Observemos também que a edição foi um primor. Em nenhuma das matérias relacionadas à reforma da Previdência os chefes do Jornal Oficial Nacional escolheram falar sobre a pressa que tomou conta das votações, quando sessões extraordinárias foram convocadas para 23h, 0h, 1h, 2h, 3h, 4 da manhã. Como dizia Maquiavel, em O príncipe: "Se for obrigado a fazer o mal, faça rápido. Porque rápido também se esquece".
Também não escolheram falar da ordem dada à Polícia Rodoviária para atrasar ao máximo a chegada de caravanas a Brasília. Não escolheram falar, por exemplo, da carta de intenções enviada por Palocci e Meirelles ao FMI, em que garantiam a aprovação desta reforma da Previdência o "mais rápido possível". Não escolheram, tampouco, registrar que a todo e qualquer cidadão brasileiro é permitida a entrada na "casa do povo".

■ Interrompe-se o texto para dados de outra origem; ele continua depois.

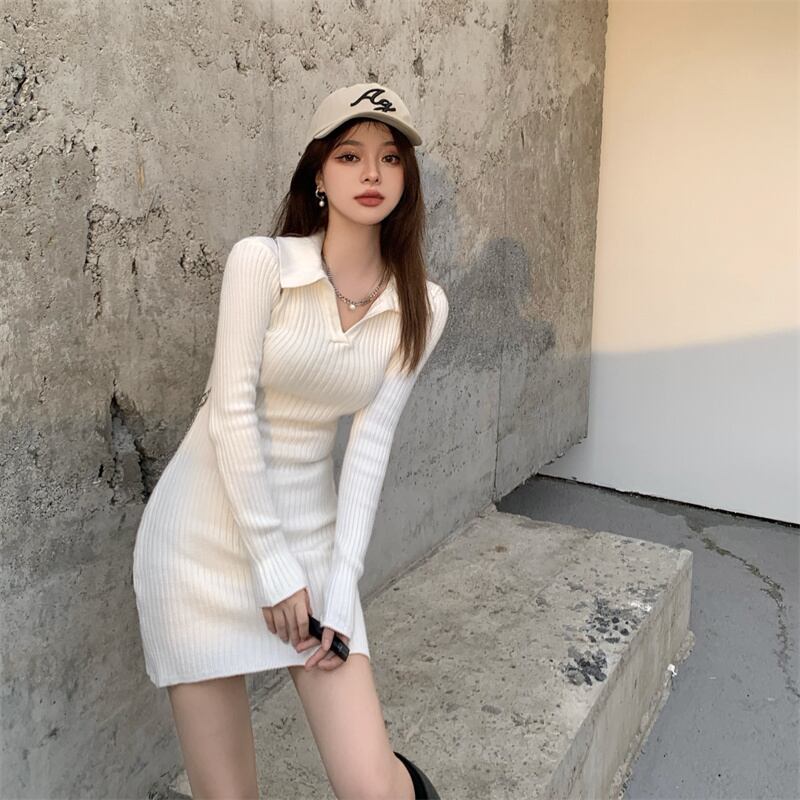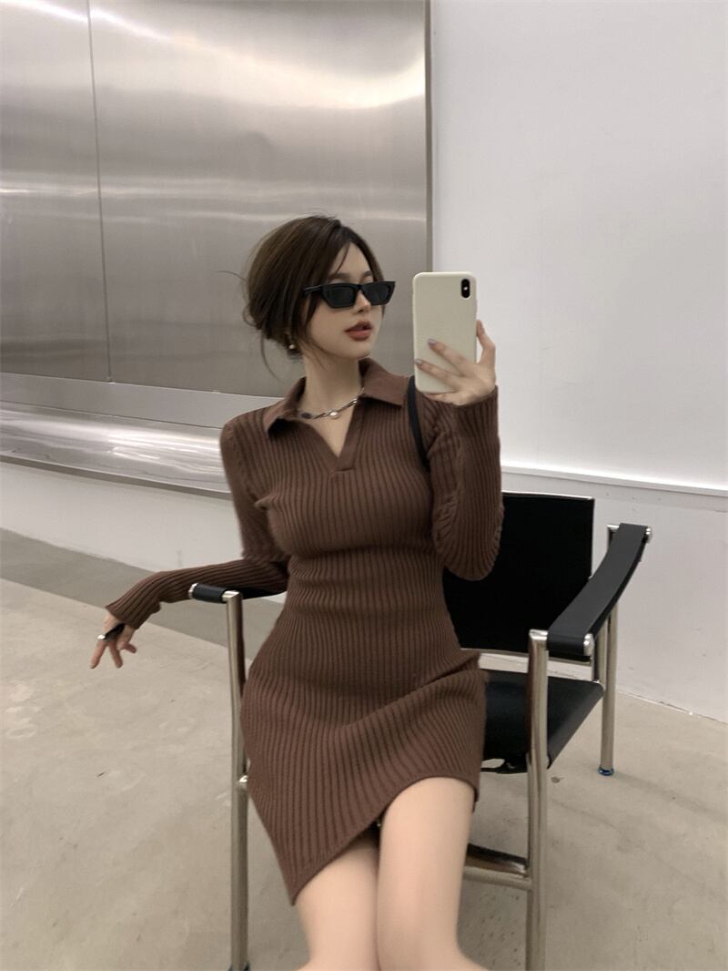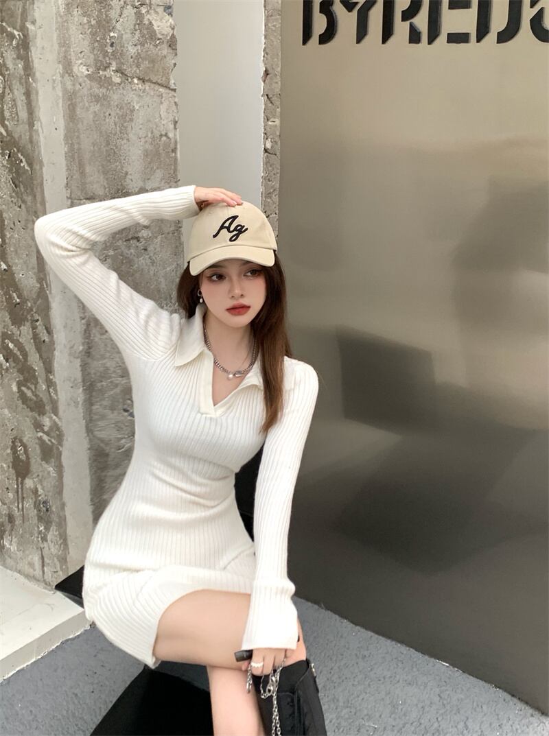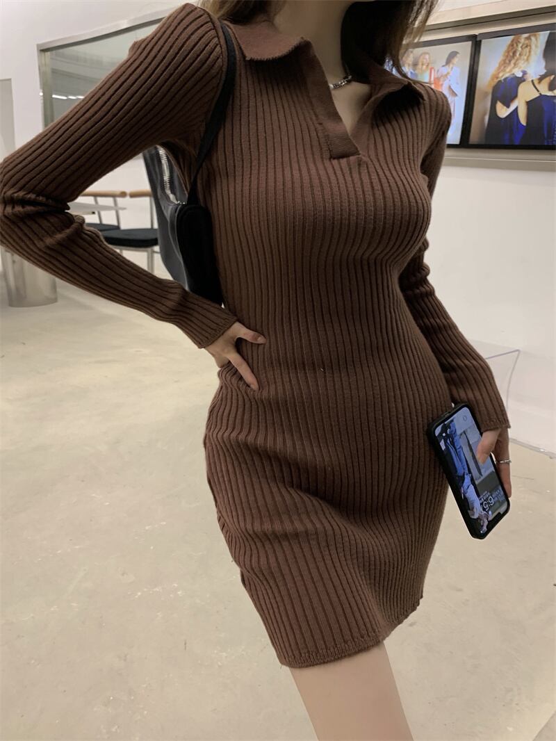 タイトな襟付きニットワンピースです。
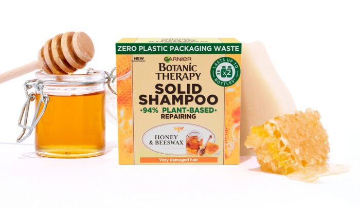 Daca vrei sa reduci folosirea plasticului, cei de la Garnier au si o varianta solida a samponului, care iti ofera un numar de spalari echivalent cu doua sticle de sampon.
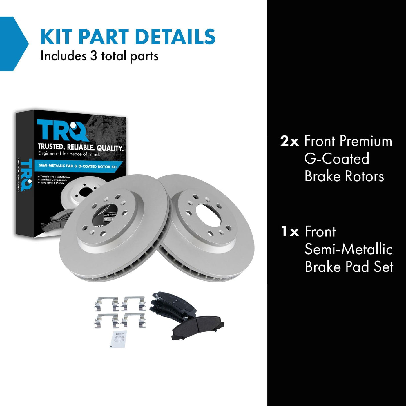 Semi-Metallic Brake Pad & Rotor KitKit Includes(1) Front Semi-Metallic Brake Pad Set(2) Front Premium G-Coated Brake RotorsFitmentCompatible with: 2006-11 Chevrolet Impala Front Semi-Metallic Premium G-Coated Brake Pad & Rotor KitCompatible with: 2012-13 Chevrolet Impala LS Front Semi-Metallic Premium G-Coated Brake Pad & Rotor KitCompatible with: 2012-13 Chevrolet Impala LT Front Semi-Metallic Premium G-Coated Brake Pad & Rotor KitCompatible with: 2012-13 Chevrolet Impala LTZ Front Semi-Metallic Premium G-Coated Brake Pad & Rotor KitCompatible with: 2006-08 Buick Lucerne V6 3.8L Front Semi-Metallic Premium G-Coated Brake Pad & Rotor KitCompatible with: 2014-16 Chevrolet Impala Limited LS Front Semi-Metallic Premium G-Coated Brake Pad & Rotor KitCompatible with: 2014-16 Chevrolet Impala Limited LTZ Front Semi-Metallic Premium G-Coated Brake Pad & Rotor KitCompatible with: 2014-16 Chevrolet Impala Limited LT Front Semi-Metallic Premium G-Coated Brake Pad & Rotor KitCompatible with: 2009-11 Buick Lucerne CX Front Semi-Metallic Premium G-Coated Brake Pad & Rotor KitCompatible with: 2009-11 Buick Lucerne CXL Front Semi-Metallic Premium G-Coated Brake Pad & Rotor KitCompatible with: 2006-07 Chevrolet Monte Carlo Front Semi-Metallic Premium G-Coated Brake Pad & Rotor KitCompatible with: 2010 Buick Lucerne CXL Special Edition Front Semi-Metallic Premium G-Coated Brake Pad & Rotor KitProduct AttributesBrake Rotor Diameter: 11.93 in. (303mm)Wheel Lug Count: 5 LugBrake Rotor Coating: Premium G-CoatedBrake Pad Bonding Type: Premium PosiBrake Pad Friction Material: Semi-MetallicBrake Rotor Venting Type: VentedProduct Features Positive Molded: Less dust resulting in clean wheels Electrostatic Coated: Long-lasting rust protection G3000 Casting Alloy: Reduced noise and improved wear resistance Application Specific Design: Extended service life, no modificationsItem DetailsTRQ brake kits are designed to restore your brake system to like-new performance. TRQ brake pads are positive molded, thermal scorched, chamfered, and utilize a multi-layer shim for enhanced performance and service life. TRQ G-coated rotors have long-lasting rust prevention, perfect for wheels with large openings that expose the rotor and rotor hat during daily drives. All products are fit and road-tested in our Massachusetts R&D facility to ensure we deliver on our promise of Trusted Reliable Quality.Reference NumbersAamco: 55126Aimco: 55126Buick: 15270292, 15812610, 25996832Cadillac: 15812610, 25996832Chevrolet: 15270292, 19207421, 19260481Raybestos Brakes: EHT1159H
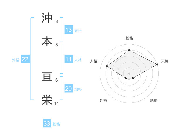 沖本 亘栄さんを姓名の画数から五運を鑑定
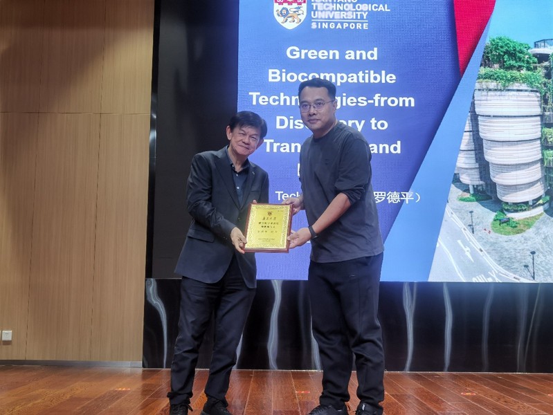 2025年10月24日下午,马来西亚科学院院士、新加坡国家科学院院士、新加坡南洋理工大学终身教授、河南工业大学前沿交叉科学与技术学院创建经理罗德平应邀作为betway西汉姆联 “戴安邦学术讲坛”嘉宾,为学院师生作了题为“Green and Biocompatible Technologies: From Discovery to Translation and Beyond”的精彩报告。本次报告由化学化工学院副经理史壮志教授主持。史壮志教授介绍了罗德平院士的简历和在科学研究中的卓越成就,并向罗德平院士颁发了betway西汉姆联“戴安邦学术讲坛”纪念铭牌。公司多个学科的教师及员工参加了报告会。

Sutilezas como o uso de "contribuição dos inativos" em lugar de "taxação dos aposentados" completam esse promíscuo cenário em que, na calada da noite, uns e outros trabalham para rasgar a Constituição e usurpar direitos adquiridos de 16 milhões de servidores que já amargam pelo menos oito anos de empobrecimento, enquanto os bancos Itaú, Bradesco e Santander anunciam lucros bilionários.
O problema é que o Jornal Oficial Nacional não apresenta os fatos com isenção ou mostra os acontecimentos de acordo com os interesses do desenvolvimento da nação. Antes, o JON está preocupado em alimentar os vorazes tubarões neoliberais que nadam nos mares que circundam suas ilhas de edição.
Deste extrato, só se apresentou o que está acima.